Feverfew, in modern herbal medicine, is mainly used in the prevention and treatment of migraine and menstrual pain. Let’s find out better.
Property of Partenio
Feverfew is known for its anti- inflammatory properties. In particular, feverfew carries out a notable activity against migraines, especially those defined as vasomotor, in which there is an alternation of stimuli on the blood vessels which determines a vasoconstriction and a subsequent vasodilation. This causes a deformation of the walls of the vessels themselves, which thus press on the nearby nerve endings, triggering the pain, which can become more and more excruciating due to the concomitant production of mediators that enhance the pain signal.
The elements of the plant that contain the active ingredients are the aerial parts, especially the leaves, whose balsamic period, in which the concentration of active medicinal substances is maximum, is just before flowering. The main substances contained in feverfew are flavonoids, sesquiterpenes, polyphenols .

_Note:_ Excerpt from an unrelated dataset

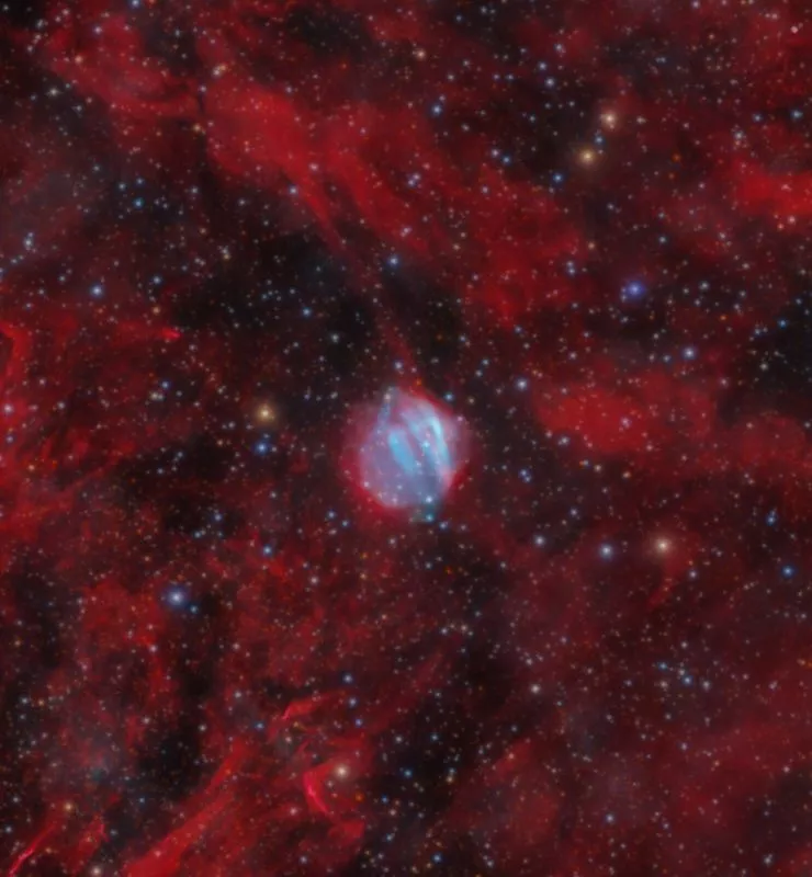 Typisch für planetarische Nebel ist eine kompakte Hülle aus H-alpha und OIII, die einen kleinen Weißen Zwerg umgibt.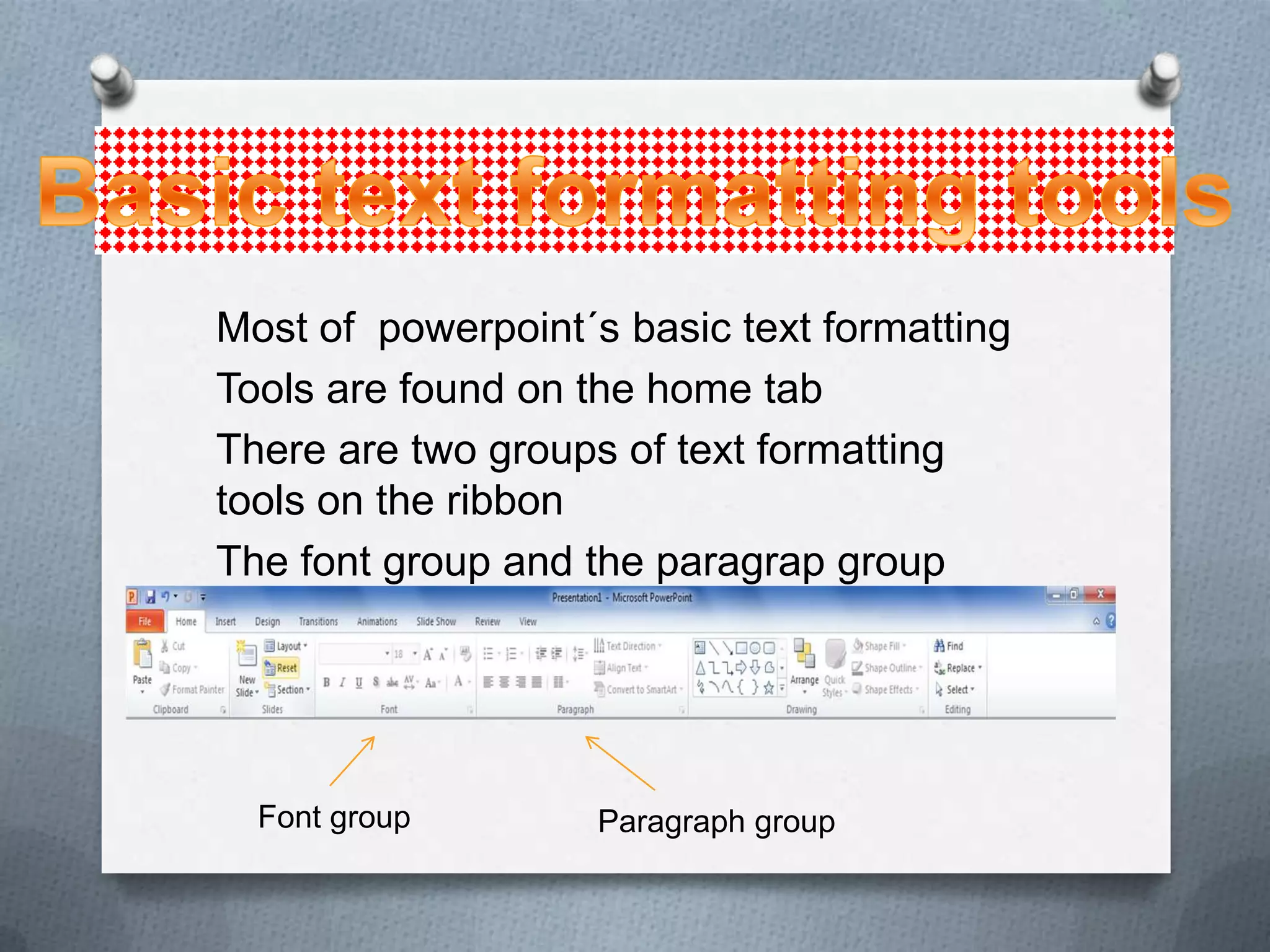 The document discusses various text formatting tools in PowerPoint including fonts, font styles, formatting with the format painter, paragraph formatting options like indentation, numbered lists, text box formatting features like color, effects, and wrapping text. It also covers checking spelling and using the thesaurus.

Among these, the most important for the medicinal activity of the plant is parthenolide : this substance has the ability to reduce the contraction of smooth muscles and its excitability. This explains the use, since ancient times, of feverfew, which represents a useful remedy for dysmenorrhea and against migraine.
Some studies have also highlighted hypotensive and antispasmodic properties in the digestive tract, again due to the action on smooth muscles. There would also be, as a consequence, a mild tranquilizing effect that would facilitate sleep if the plant is taken in the evening.
Its anti-inflammatory action also has a good soothing effect on joint pain , including those resulting from rheumatoid arthritis.
How to use
In herbal medicine, feverfew is found in the form of an extract and in the form of chewable capsules or tablets. It is used in the prevention and treatment of disorders characterized by pain and inflammation, in particular headache, dysmenorrhea, musculoskeletal disorders.
For all those external treatments that involve rheumatic and muscular pains, you can buy flowers and leaves to make a decoction to be applied on the painful parts or buy directly the soothing creams that contain the active ingredients of the plant.
Since feverfew also has mild properties against anxiety and insomnia, it is sold in capsules that also contain extracts or powders of other medicinal plants that can accentuate the effect against physical and mental agitation and promote sleep.
The leaves of the feverfew are used, with the aerial parts attached. The infusion of feverfew has beneficial hypotensive, digestive and emmenagogical effects. Between July and September the aerial parts of the plant are collected and dried. They are used in the form of a decoction or infusion that is sipped or used to make compresses on painful parts of the body such as skin inflammation or muscle pain.
The bitter taste of feverfew finds its use in some culinary preparations that require a bitter aftertaste. It is mainly used to prepare vegetable soups and soups in general, aromatic omelettes and is also added to fatty meat dishes.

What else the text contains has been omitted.